Background: The COVID-19 pandemic shook the world, claimed a lot of lives, incapacitated many, and forced majority of the world into a lockdown. Vaccination is the key strategy to tackling the virus. Objectives: To ascertain the level of vaccination and the difficulties associated with vaccination, among clinical medical students in Enugu, South-East Nigeria. Materials and Methods: A multistage sampling was used to select 160 respondents while questionnaires (hard and soft copy) were administered to the participants. The IBM Statistical Package for the Social Sciences was used for data entry and data analysis. Results: There was a poor (16.3%) knowledge, negative perception (66.3%), and poor uptake of the COVID-19 vaccine (20.6%). There were statistically significant relationships between vaccination status, knowledge of vaccine, age, and perception of the vaccine (P = 0.000) as well as between level of training and vaccine perception (P = 0.03). Conclusion: There was very low level of COVID-19 vaccination in the study population that may be attributable to the low knowledge of the vaccine and the high negative perception. The rush to development of the vaccine, possible side effects, and possible long-term complications may be contributory to the poor uptake of the COVID-19 vaccine among the study respondents.

Keywords: Clinical medical students, COVID-19, perception, knowledge, vaccine uptake


How to cite this article:
Idoko CA, Chidolue IC, Ibiok NC, Eze K. COVID-19 vaccine uptake among clinical medical students in Enugu, Nigeria.
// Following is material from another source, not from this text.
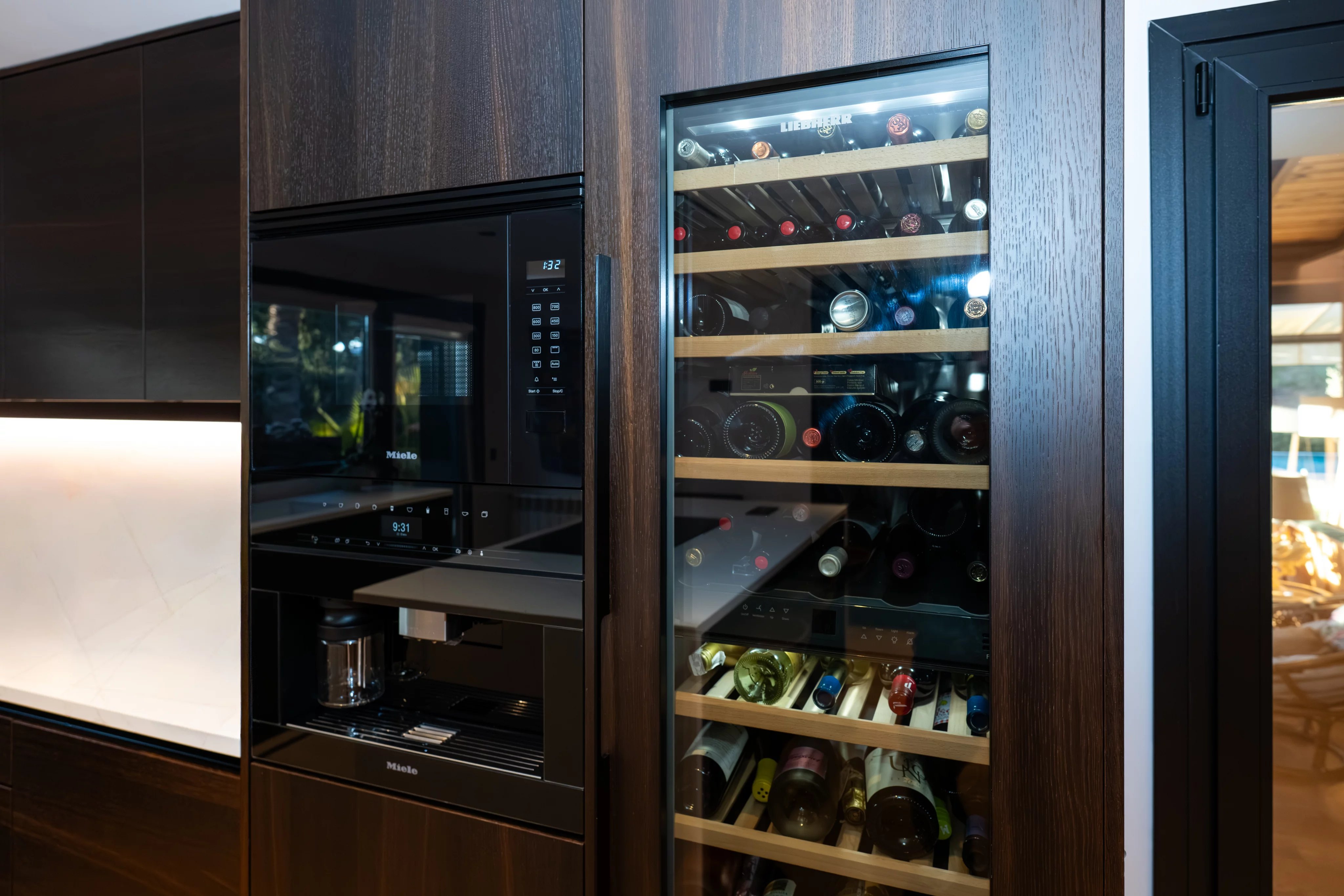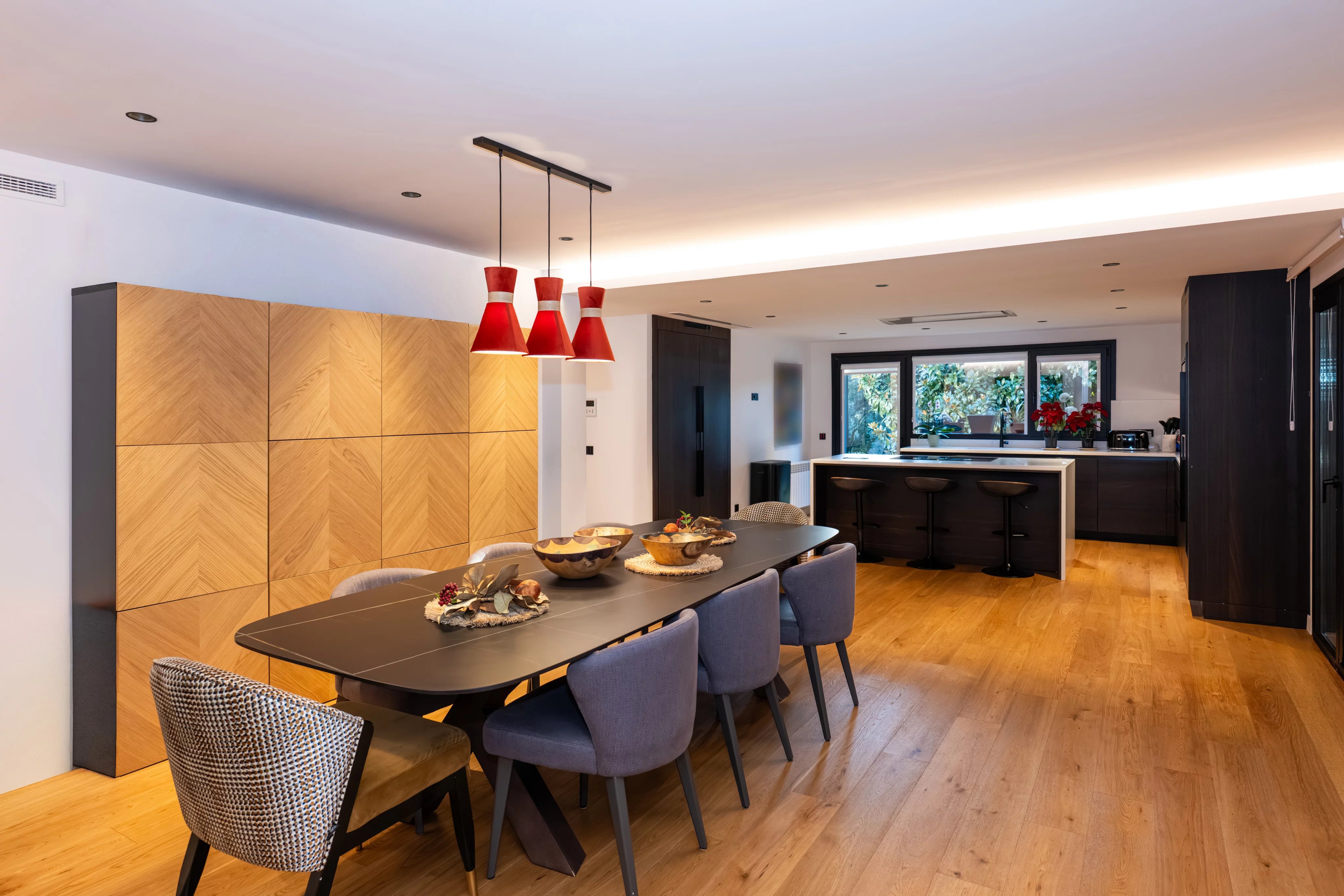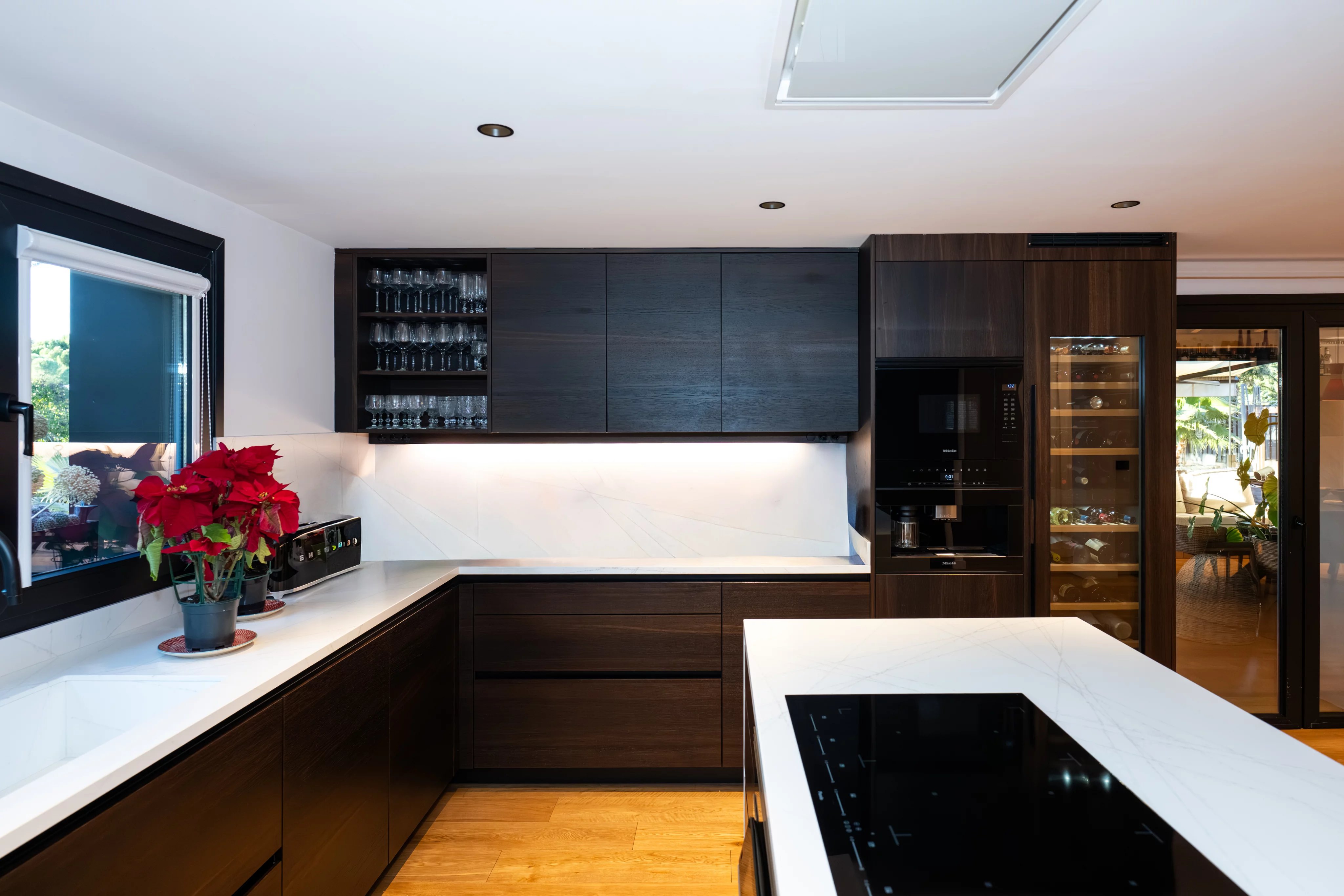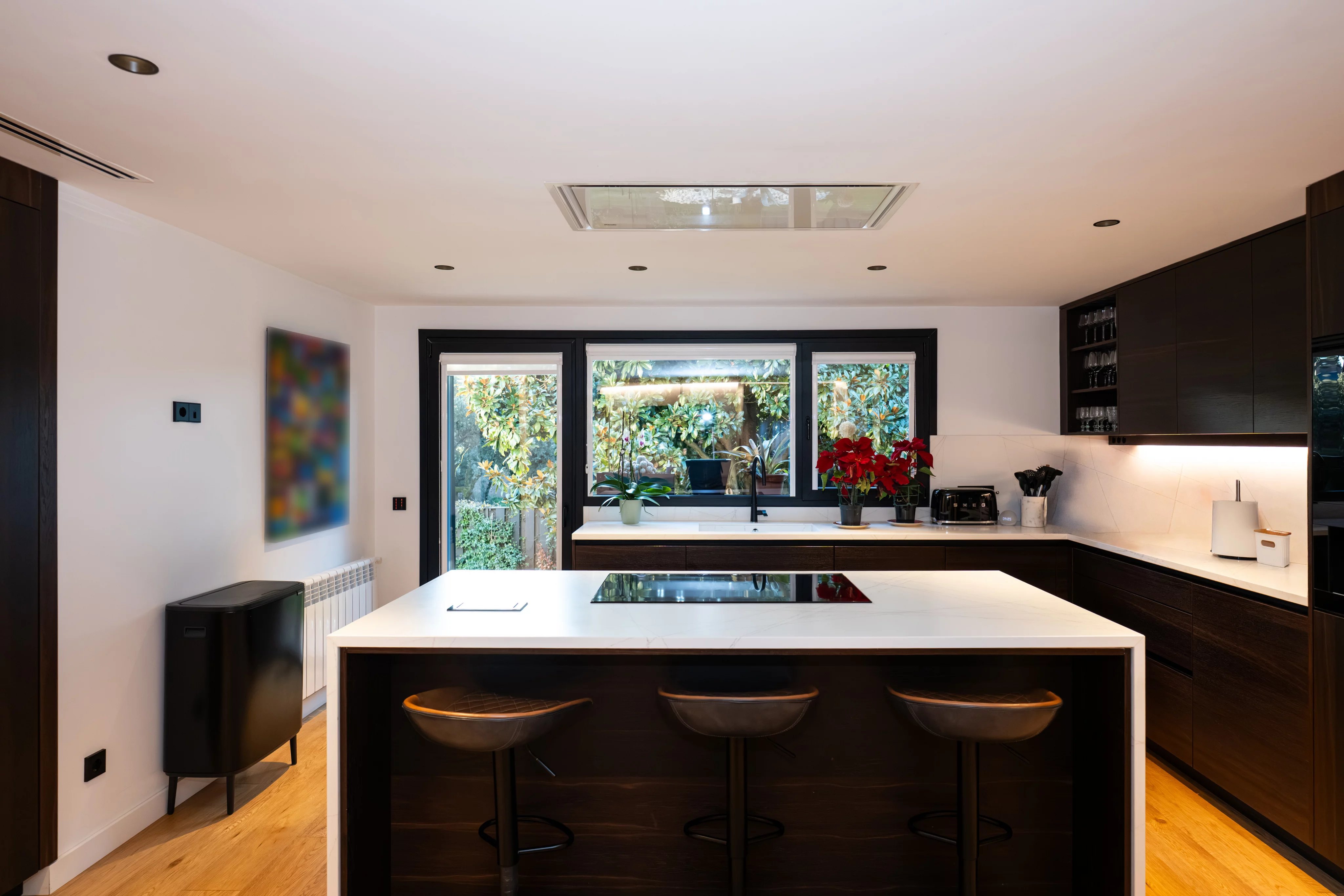 On the first floor, the house impresses from the first moment with a large living room with high ceilings and fireplace, flooded with natural light thanks to its large windows with direct access to the beautiful consolidated garden, creating an elegant, warm and sophisticated atmosphere. The generously sized kitchen is fully equipped and has a wine fridge with ample space, ideal for both day to day and for special occasions.

Int J Med Health Dev 2023;28:161-6

How to cite this URL:
Idoko CA, Chidolue IC, Ibiok NC, Eze K. COVID-19 vaccine uptake among clinical medical students in Enugu, Nigeria. Int J Med Health Dev [serial online] 2023 [cited 2023 Jun 3];28:161-6. Available from: https://www.ijmhdev.com/text.asp?2023/28/2/161/372155




  Introduction Top


Background of the study

The Corona Virus Disease 2019 (COVID-19) is a disease caused by a virus named SARS-CoV-2 and was discovered in December 2019 in Wuhan, China. It is very contagious and has quickly spread around the world. COVID-19 often causes respiratory symptoms that can feel much like a cold, flu, or pneumonia. It may also attack more than just the lungs and respiratory system. Most people with the disease have mild symptoms, but some people become severely ill. Older adults and people who have underlying medical conditions are at increased risk of severe illness from COVID-19. Currently, as of April 2022, there were 503,604,985 cases and 6,195,647 deaths worldwide and in Nigeria, 4,977,858 have been tested, 255,606 confirmed cases, 2,671 active cases, 249,669 discharged cases, and 3,142 deaths.[1],[2]

COVID-19 is a major cause of morbidity and mortality in the world today, hence the need to be adequately protected and vaccinated to prevent increase in spread of infection. COVID-19 vaccination is a necessary and key step that will help reduce the manifestation and spread of the deadly disease, ultimately reducing the number of deaths and people affected.

Despite the wide availability of COVID-19 vaccine, previous experience suggests a huge limitation on vaccination uptake. Sometimes, available information on COVID-19 are misleading and result in confusion among those involved. Vaccination uptake among medical students and health care workers is usually met with some impedance, which include fear of complications due to inadequate knowledge of the effects of vaccination, arguments in favor of herd immunity, and inadequate awareness of the benefits of being vaccinated. It is important, however, to point out that clinical students are vulnerable to SARS-CoV-2 infection due to factors of increased exposure as a result of their clinical postings in the wards, etc.

Vaccines are the best hope for ending the pandemic to prevent COVID-19, and this can be done by looking into herd immunity. Herd immunity is the goal of vaccination against vaccine preventable diseases, and the more contagious the disease, the higher the threshold required for herd immunity. The development of a safe, effective, and cheap vaccine, however, is only a first step toward community-wide control.[3]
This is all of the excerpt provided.